Yasmin H. Karimi; Douglas W. Blayney; Allison W. KurianJeanne ShenRikiya YamashitaDaniel Rubin

摘要

PURPOSE Large-scale analysis of real-world evidence is often limited to structured data fields that do not contain reliable information on recurrence status and disease sites. In this report, we describe a natural language processing (NLP) framework that uses data from free-text, unstructured reports to classify recurrence status and sites of recurrence for patients with breast and hepatocellular carcinomas (HCC).METHODS Using two cohorts of breast cancer and HCC cases, we validated the ability of a previously developed NLP model to distinguish between no recurrence, local recurrence, and distant recurrence, based on clinician notes, radiology reports, and pathology reports compared with manual curation. A second NLP model was trained and validated to identify sites of recurrence.
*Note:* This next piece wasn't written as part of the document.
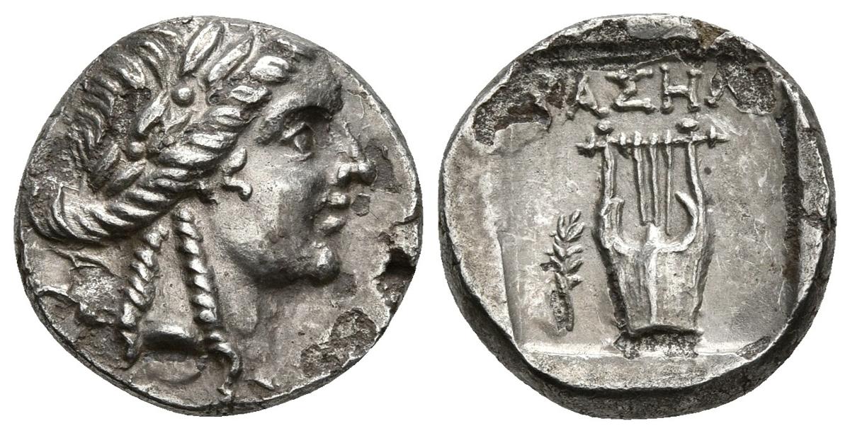 PHASELIS. LYCIA. Dracma. 167-100 a.C. A/ Busto laureado de Apolo a derecha, sobre el hombro arco y carcaj. R/ Kithara con palma a la izquierda dentro de cuadro incuso. Troxell 49.1var; Sear 5340var. Ar. 3,13g. EBC-.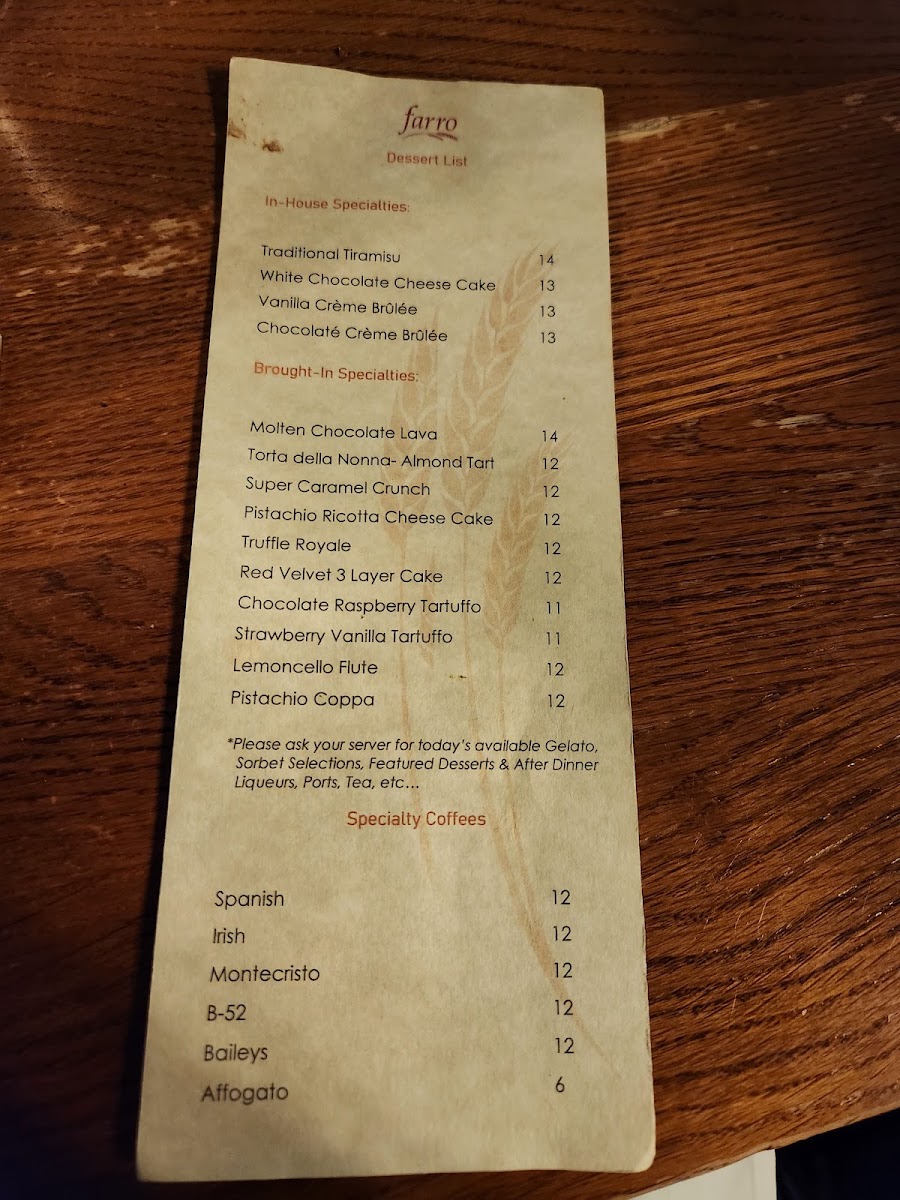 Farro Ristorante Menu

We compared the ability of each NLP model to identify the presence, timing, and site of recurrence, when compared against manual chart review and International Classification of Diseases coding.RESULTS A total of 1,273 patients were included in the development and validation of the two models. The NLP model for recurrence detects distant recurrence with an area under the curve of 0.98 (95% Cl, 0.96 to 0.99) and 0.95 (95% Cl, 0.88 to 0.98) in breast and HCC cohorts, respectively. The mean accuracy of the NLP model for detecting any site of distant recurrence was 0.9 for breast cancer and 0.83 for HCC. The NLP model for recurrence identified a larger proportion of patients with distant recurrence in a breast cancer database (11.1%) compared with International Classification of Diseases coding (2.31%).CONCLUSION We developed two NLP models to identify distant cancer recurrence, timing of recurrence, and sites of recurrence based on unstructured electronic health record data. These models can be used to perform large-scale retrospective studies in oncology.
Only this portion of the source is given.